Kenneth More was the only key member of the original cast (who had also appeared in a BBC Television version in 1954) to be hired for the film, as Alexander Korda wanted to use names that were more recognisable to movie-goers. (More had just been put under contract to Korda.) More always felt this was a mistake, particularly the casting of Vivien Leigh rather than Peggy Ashcroft. He later wrote:
The casting of the beautiful Vivien Leigh was absurd. She was supposed to be an outwardly ordinary but secretly highly-sexed woman who meets a young pilot on the golf course and falls for him. My first lines on meeting her were to say: 'My God, Hes, you're beautiful.' She had never been told this before – and understandably it had a remarkable effect on her. But when the part is played by a woman generally held to be one of the most beautiful in the world, the whole meaning is lost.

===Shooting===
More did not enjoy filming, feeling that the use of CinemaScope and changes made to the original play detracted from the intimacy of the story. He also felt he had poor chemistry with Leigh. "We were never in complete accord," wrote More. "I thought her interpretation was wrong, and so when we played a scene together we had the wrong chemistry between us."

==Reception==
The film was a box office disappointment in the US. "It was a tricky subject for American audiences", said More. More later said the film "just didn't come off".

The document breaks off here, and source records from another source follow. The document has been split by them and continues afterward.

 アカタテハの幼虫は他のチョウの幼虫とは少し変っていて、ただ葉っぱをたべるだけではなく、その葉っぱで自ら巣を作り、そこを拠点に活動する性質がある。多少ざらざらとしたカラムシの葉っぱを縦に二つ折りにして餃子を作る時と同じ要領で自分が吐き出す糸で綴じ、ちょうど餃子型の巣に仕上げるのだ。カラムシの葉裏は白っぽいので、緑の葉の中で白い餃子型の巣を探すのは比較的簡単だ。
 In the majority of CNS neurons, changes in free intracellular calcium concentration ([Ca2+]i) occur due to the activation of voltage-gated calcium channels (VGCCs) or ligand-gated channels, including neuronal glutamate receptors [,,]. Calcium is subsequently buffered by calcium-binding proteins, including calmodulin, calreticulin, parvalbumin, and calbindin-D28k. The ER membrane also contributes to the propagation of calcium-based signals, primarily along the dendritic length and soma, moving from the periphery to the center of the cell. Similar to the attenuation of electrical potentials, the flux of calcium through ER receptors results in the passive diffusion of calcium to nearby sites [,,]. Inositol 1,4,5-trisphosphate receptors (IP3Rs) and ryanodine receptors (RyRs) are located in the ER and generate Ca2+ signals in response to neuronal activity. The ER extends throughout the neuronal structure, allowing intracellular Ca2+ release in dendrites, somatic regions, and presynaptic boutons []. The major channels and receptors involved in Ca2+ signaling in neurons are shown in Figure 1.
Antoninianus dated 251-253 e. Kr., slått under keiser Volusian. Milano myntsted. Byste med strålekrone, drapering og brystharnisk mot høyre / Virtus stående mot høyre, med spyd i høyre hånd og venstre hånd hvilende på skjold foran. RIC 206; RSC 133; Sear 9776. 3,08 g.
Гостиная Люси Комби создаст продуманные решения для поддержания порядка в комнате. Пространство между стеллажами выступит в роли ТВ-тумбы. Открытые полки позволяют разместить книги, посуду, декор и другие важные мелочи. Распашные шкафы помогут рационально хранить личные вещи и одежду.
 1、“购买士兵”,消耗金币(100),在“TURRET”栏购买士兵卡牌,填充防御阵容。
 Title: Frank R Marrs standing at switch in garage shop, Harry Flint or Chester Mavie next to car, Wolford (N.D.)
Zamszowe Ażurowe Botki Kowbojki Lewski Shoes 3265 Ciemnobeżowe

The Monthly Film Bulletin wrote: "This adaptation by Terence Rattigan of his own play belongs to the new era of CinemaScoped film-plays; and the comparative failure of the venture can be attributed to unfortunate casting, an ill-suited director, and, of course, to the CinemaScope screen itself, with its unavoidable inflation of an essentially theatrical narrative which, on the stage, doubtless possessed greater dramatic force and unity."'

Variety wrote: "The impeccable acting by the four principals is a highlight of the production. Although the basic plot calls for exceptional use of interiors, Litvak has employed his CinemaScope cameras to advantage, introducing fascinating shots of the embankment and Soho, as well as an exciting sequence from an air display plus some colorful scenes of winter sports. The overall effect is to achieve a healthy balance and to relieve the main dramatic tension."

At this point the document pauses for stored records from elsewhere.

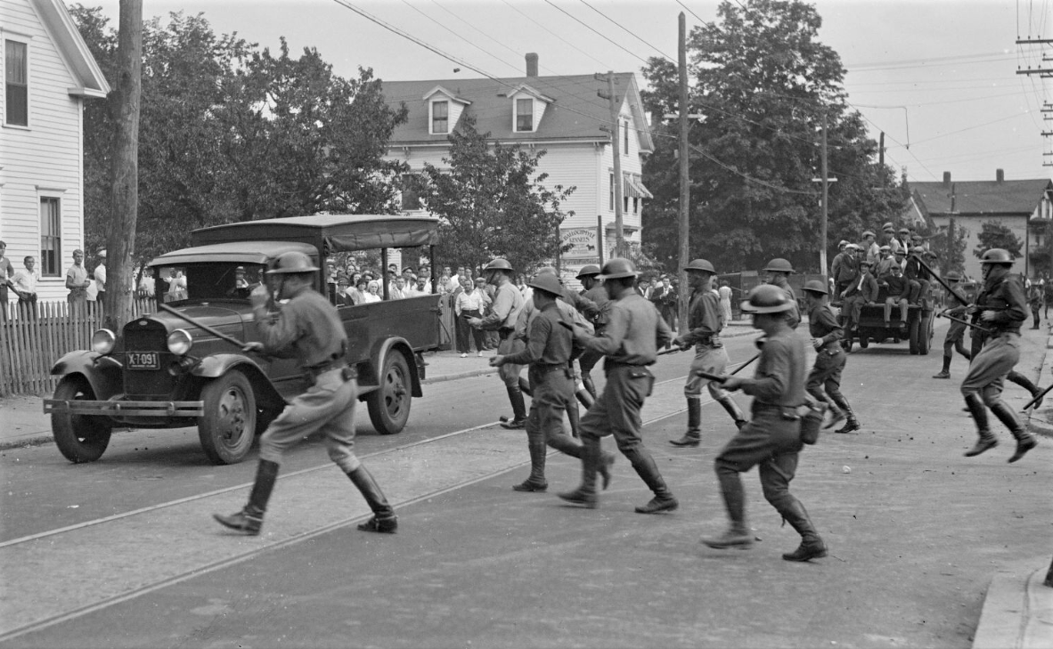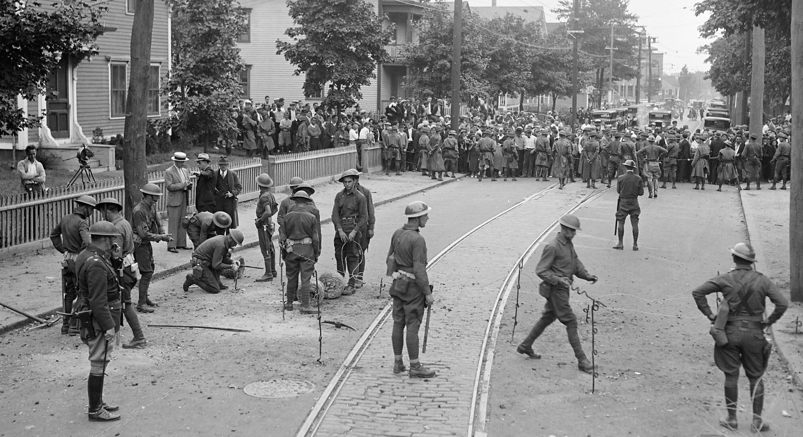 Five thousand swelled the workers’ ranks, battling far into the night. More than 25 are treated for injuries, including a striker with a fractured skull. A woman and two children topple unconscious in their nearby homes from gas. Meanwhile, the Governor mobilizes a skeleton regiment at a Providence armory.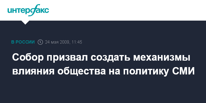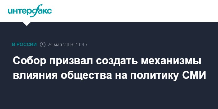 Москва. 24 мая. INTERFAX.RU - Общество должно иметь рычаги влияния на политику СМИ, считают участники XIII Всемирного русского народного собора, который завершился в эти выходные в Москве.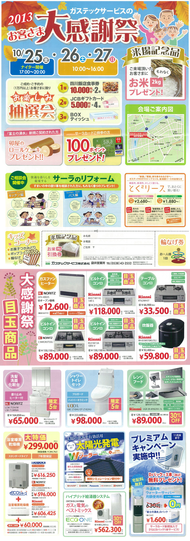 10月25日(金)・26日(土)・27日(日)2013お客さま大感謝祭を開催いたします!!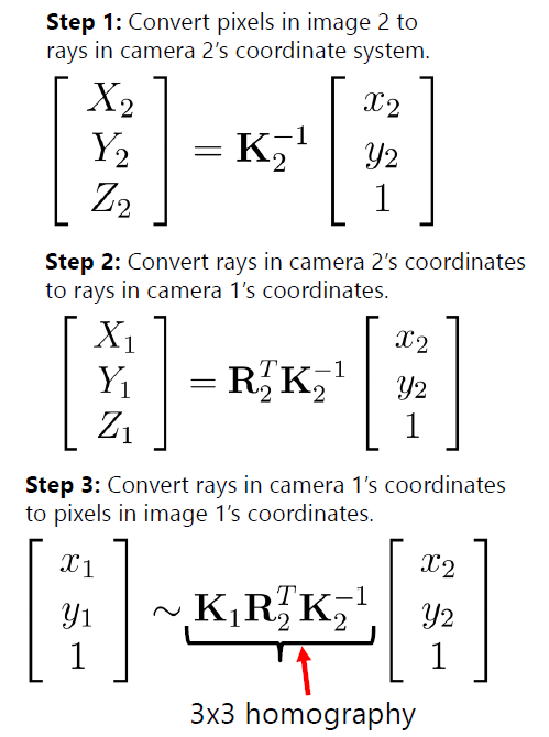 - step1에서 이미지 2의 픽셀을 카메라 2 좌표계의 ray로 변환해야 합니다. 따라서 이미지 2의 intrinsic parameter인 $K_2$의 역변환을 곱하는 형태를 가집니다.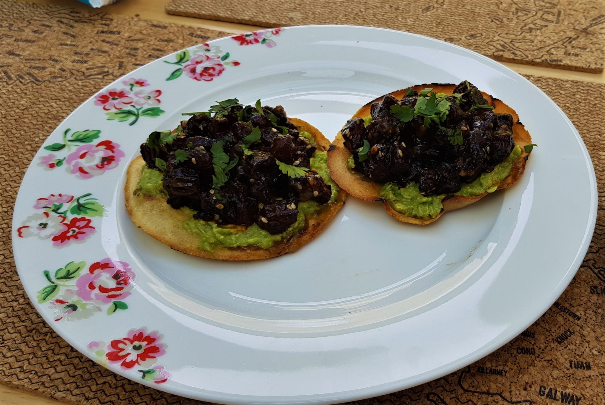 - Fry the tortillas in the sunflower oil, turning them once until they are crisp. Spread some avocado on each tortilla, then pile with the tuna. Sprinkle with the remaining sesame seeds and the coriander to serve.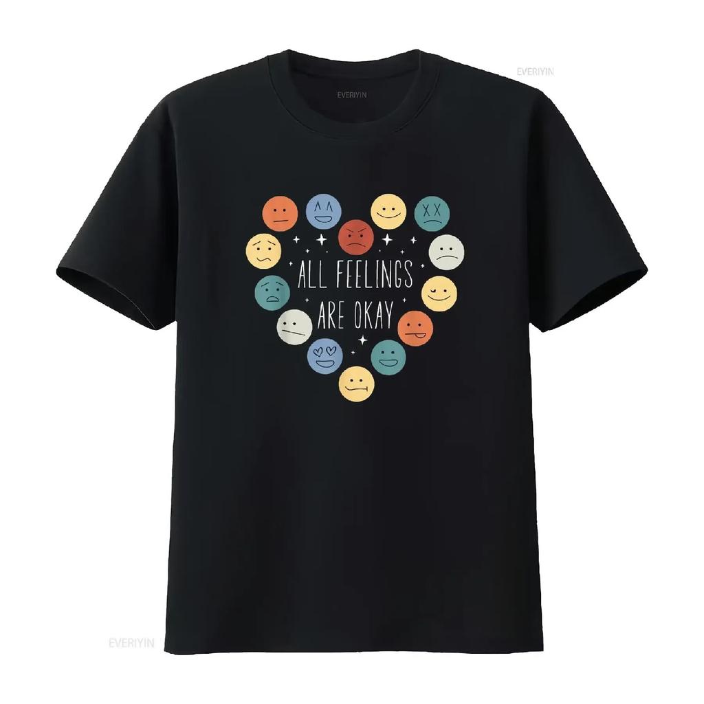 All Feelings Are Okay Mental Health Awareness Month Plus Size Vent Emotion T Shirt Vintage Washed Unisex Casual Slightly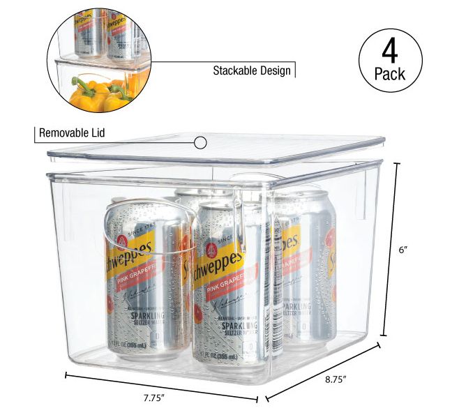 Sorbus 4 Pack Clear Fridge Bins With Handle and Lid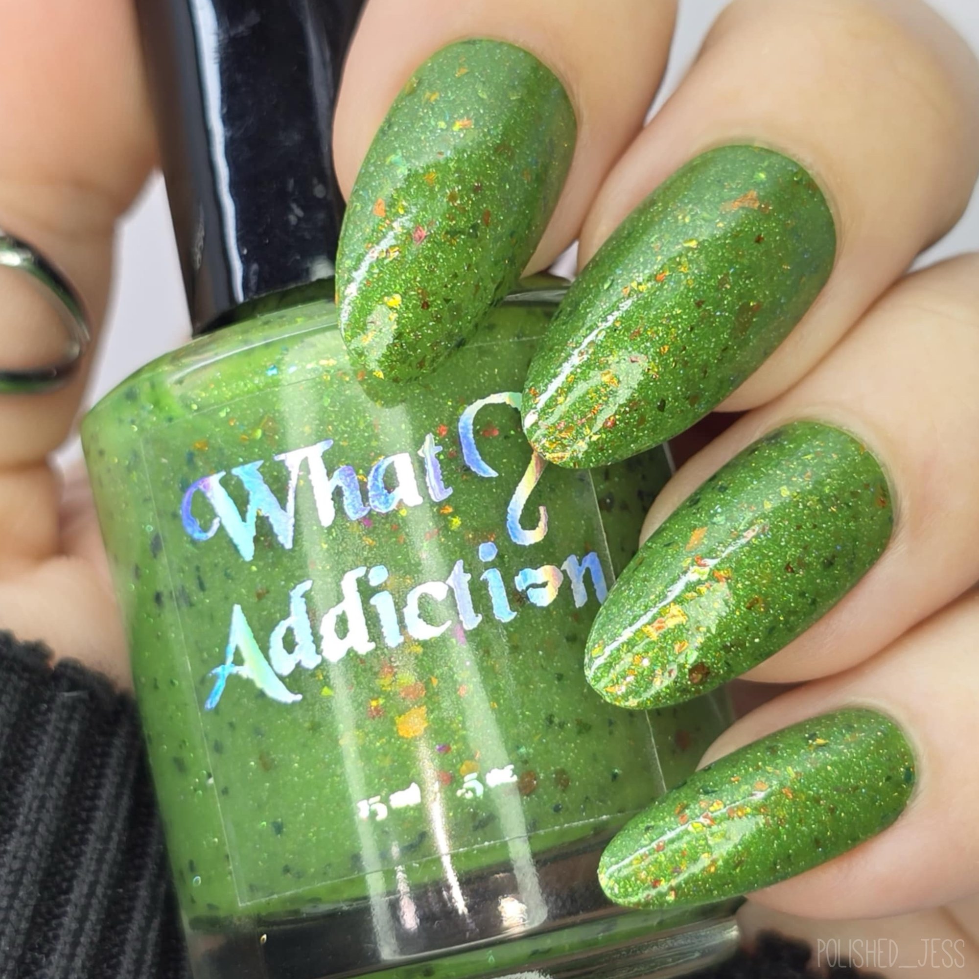 A grass green base, with green gold shimmer, ucc flakes, micro holographic glitters and a touch of micro reflective glitters.
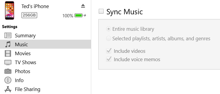 Put a check mark in the Sync Music box, and the others will come to life. Then select whatever options you want.

Picture Show wrote: "Moving, superbly acted film version of Terence Rattigan's play which enthralled London. It is a tragedy through and through and tells of the disastrous, overwhelming love the wife of a judge has for a happy-go-lucky pilot. It is faithfully set and will grip you from beginning to end."

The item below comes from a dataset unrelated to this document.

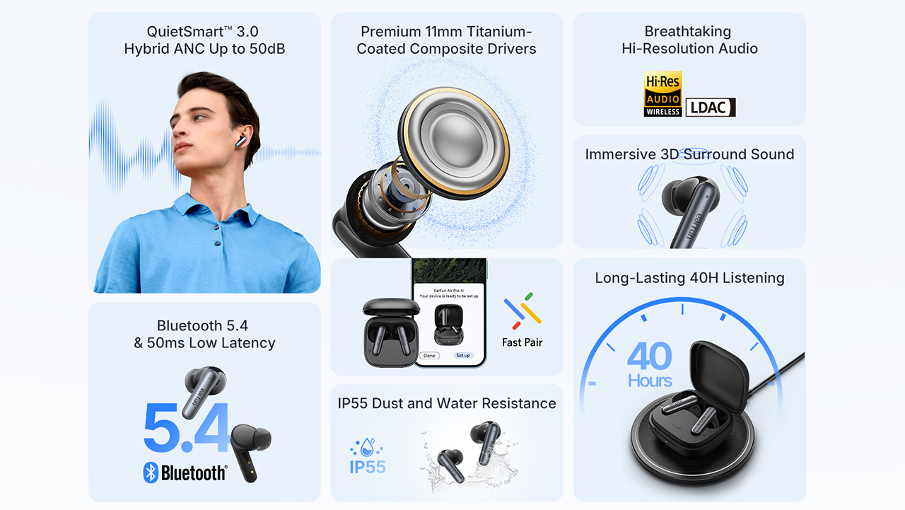 A másik újdonság már egy új termék. Az Air Pro 4i a termékvonal legfontosabb kritériumait megtartotta, viszont spórol kicsit a hardveren és az olyan extrákon, mint az AI fordítás. A fülhallgató IP54-es szigetelést kapott, kialakítása inkább az Air Pro 4-re hasonlít, mint a Plus változatra. Fontos különbség az is, hogy a Qualcomm hangchip híján nincs benne aptX támogatás, SBC és AAC mellett csak LDAC-n keresztül kommunikálhat. A membránok is a régebbi EarFun modellekből ismert 11 milliméteres titán bevonatú modellek, nem a kettős újak, így a tapasztalataink alapján előre merjük vetíteni, hogy kissé fémesebb hangzása lesz ennek a modellnek.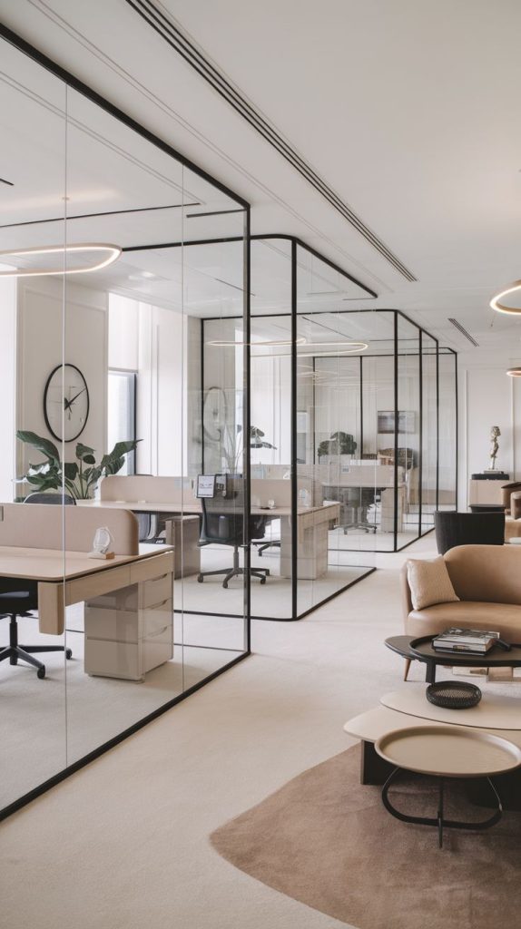 A complete office build-out featuring efficient space planning, modern aesthetics, and updated professional fixtures.

Leslie Halliwell wrote "Undistinguished adaptation of a very good play, hampered by wide screen and muddy colour, helped by thoughtful performances."

==Accolades==
- 1955: Kenneth More won the Venice Film Festival "Volpi Cup" Best Actor award
- 1955: Anatole Litvak was nominated for the Venice Film Festival "Golden Lion"

- 1956: Kenneth More was nominated for the BAFTA Awards' Best British Actor
- 1956: Terence Rattigan was nominated for the BAFTA Awards' Best British Screenplay

== Availability ==
Currently unavailable on DVD, the film was given a rare screening as part of the BFI Vivien Leigh Season in 2013, introduced by Sean O'Connor, producer of the 2011 version of the film by Terence Davies. In November 2024, it was shown on Talking Pictures TV.